SECTION 2. Term. This Agreement will be for a Term of two years beginning
on October 12, 1998, unless sooner terminated in accordance with the provisions
hereof. Anything herein to the contrary notwithstanding, this Agreement, and
Executive's employment hereunder, may be terminated at any time by the Company,
with or without cause, upon notice of termination to Executive; provided,
however, that in the event of any such termination without cause (including any
Involuntary Termination as hereinafter defined), Executive will be entitled to
the Termination Compensation (as hereinafter defined) set forth herein.
Executive may terminate this Agreement at any time by providing Company with a
minimum of two weeks notice.
SECTION 3. Duties of Executive. As Chief Financial Officer, Executive
will report directly to the President and Chief Executive Officer and will have
such duties and responsibilities with respect to the Company, Genesis MLP and
Genesis OLP as customarily would be undertaken by the chief financial officer of
companies engaged in business similar to, or competitive with, the Company.
Executive will act in the best interest of the Company, Genesis MLP and Genesis
OLP and their subsidiaries and affiliates in the performance of Executive's
services and duties under this Agreement. Without the prior consent of the
President, CEO and Non-Executive Chairman of the Board of Directors of the
Company, Executive will not actively engage in any other business or business
activity; provided, however, that nothing herein contained will limit the right
of Executive to manage Executive's personal investment activities provided that
such personal investment activities do not materially interfere with the
performance of Executive's duties and responsibilities hereunder or otherwise
materially conflict with any policies which have been promulgated and
distributed by the Company.
SECTION 4. Compensation.
4.1 Base Annual Salary. Subject to the terms and conditions of this
Agreement, the Company will cause Executive to be paid an annual salary of
$150,000 (such annual salary hereinafter referred to as the "Base
Compensation"). Executive's 1998's salary will be paid at an annual rate of
$150,000 prorated from the first
day of employment through the end of the 1998 calendar year. The Base
Compensation will be reviewed by the Compensation Committee of the Board of
Directors of the Company in accordance with the scheduled meetings of the
Compensation Committee when such matters are reviewed by the Committee for the
Company.
4.2 Incentive Compensation and Benefits. Executive will be
eligible to participate in the Key Employees' Incentive Compensation Plan
subject to award by the Compensation Committee. Executive will be eligible to
participate in all of the Company's benefit plans effective on the first day of
employment. Prior service with Basis Petroleum, Inc. and Basis Clearing,
Inc. will be included for purposes of calculating vesting under the Company's
Profit Sharing & Retirement Savings Plan.

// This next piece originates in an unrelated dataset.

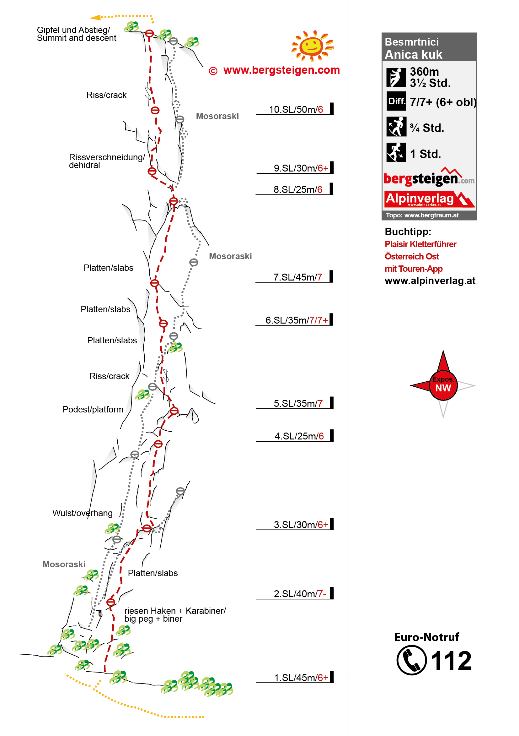 Eine interessante neue Tour durch den Sektor „Trapez“ des Anica Kuk vom kongenialen Duo Cujic/ Matkovic. Die Route beginnt rechts der Mosoraski, quert diese im oberen Mittelteil und endet links davon. Konstante Schwierigkeiten und eine sehr gute Absicherung machen die Mitnahme von friends überflüssig. Traumhafte Seillängen im oberen Teil!

4.3 Short Term Disability Salary Continuance. In the event of a
short term illness or injury that would entitle Executive to salary
continuance benefits under the Company's short term disability salary
continuance plan (the "STD Plan") in effect from time to time, and Executive's
years of service with the
Company, as determined in accordance with the STD Plan, are not sufficient to
provide 100% of the maximum amount of salary continuance that would otherwise be
available to Executive with more years of service (the "Maximum STD Payment")
the Company will pay Executive, as and when salary continuance payments are made
under the STD Plan, an amount equal to the difference between the Maximum STD
Payment and the payment made to Executive under the STD Plan.

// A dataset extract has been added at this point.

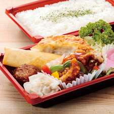 鶏甘酢あんかけ、焼餃子、春巻、焼売、肉団子

SECTION 5. Payment of Compensation. The compensation payable to Executive
pursuant to Section 4 of this Agreement will be paid as follows:
(1) During the term of Executive's employment by the Company
(A) the Base Compensation will be paid to Executive in
accordance with the Company's customary payroll practices; and
(B) the amount under the Key Employees' Incentive Compensation
Plan, if any, will be paid in the manner determined by the
Compensation Committee of the Board of Directors of the Company
in accordance with the Incentive Plan.
(2) Upon involuntary termination of Executive's employment by the
Company in accordance with Section 7.2 of this Agreement,
Termination Compensation (as hereinafter defined), if any,
will be paid in accordance with the provisions of Section 7.6.

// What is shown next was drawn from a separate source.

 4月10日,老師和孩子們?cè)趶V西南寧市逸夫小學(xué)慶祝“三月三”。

All payments of Base Compensation, awards under the Key Employees' Incentive
Compensation Plan and any other amounts paid to Executive will be subject to
such deductions and withholdings as, from time to time, may be required by law
or as may be elected by Executive pursuant to the Company's benefit plans in
effect from time to time.
SECTION 6. Employment Benefits. During employment, Executive will be
entitled to participate, subject to qualification requirements, in all of the
Company's benefit plans.
SECTION 7. Termination.
7.1 Termination for Cause. This Agreement will be null and void
(except for the provisions of Section 8 concerning Confidentiality which will
survive any termination of this Agreement) upon the termination of Executive's
employment for Cause. As used in this Agreement, "Cause" will mean (a)
conviction of Executive, in a final non-appealable decision, in a court of law
of a felony, a crime involving moral turpitude or any crime or offense involving
the misuse or misappropriation of money, credit or other property of the Company
or any subsidiary or affiliate of the Company which hereinafter may employ
Executive; provided however, that the Company may suspend Executive's employment
and any payment due Executive under this Agreement during the pendency of any
such criminal charge; (b) violation in any material respect of any material rule
or policy promulgated and distributed by the Company, Genesis MLP, Genesis OLP
or any subsidiary or affiliate of the Company which hereinafter may employ
Executive (hereinafter the "Genesis Affiliates"); (c) violation, as determined
in a final non-appealable decision, of any rule or regulation of any regulatory
or self-regulatory body to which any of the Genesis Affiliates is subject or of
which any of the Genesis Affiliates is a member including without limitation,
the New York Stock Exchange, The National Association of Securities Dealers,
Inc., the Commodity Futures Trading Commission and the New York Mercantile
Exchange, which violation would materially reflect on Executive's character,
competence or integrity; (d) a material breach by Executive of Executive's duty
of loyalty to any of the Genesis Affiliates including, by way of illustration,
Executive's pre-termination of employment solicitation of customers or employees
of any of the Genesis Affiliates, unauthorized removal of Confidential Business
Information (as hereinafter defined) from the premises of any of the Genesis
Affiliates and the dissemination thereof or refusal to return such Confidential
Business Information to the Company; (e) Executive's material breach of this
Agreement; (f) Executive's gross misconduct, gross insubordination or willful
refusal to perform the lawful duties of his employment. In no event will
Executive be entitled to any compensation or payments under this Agreement
following Executive's termination, or deemed termination, for Cause. If, after
Executive's termination of employment it is determined that Executive's
employment could have been terminated for Cause under items (a), (b), (c) or (d)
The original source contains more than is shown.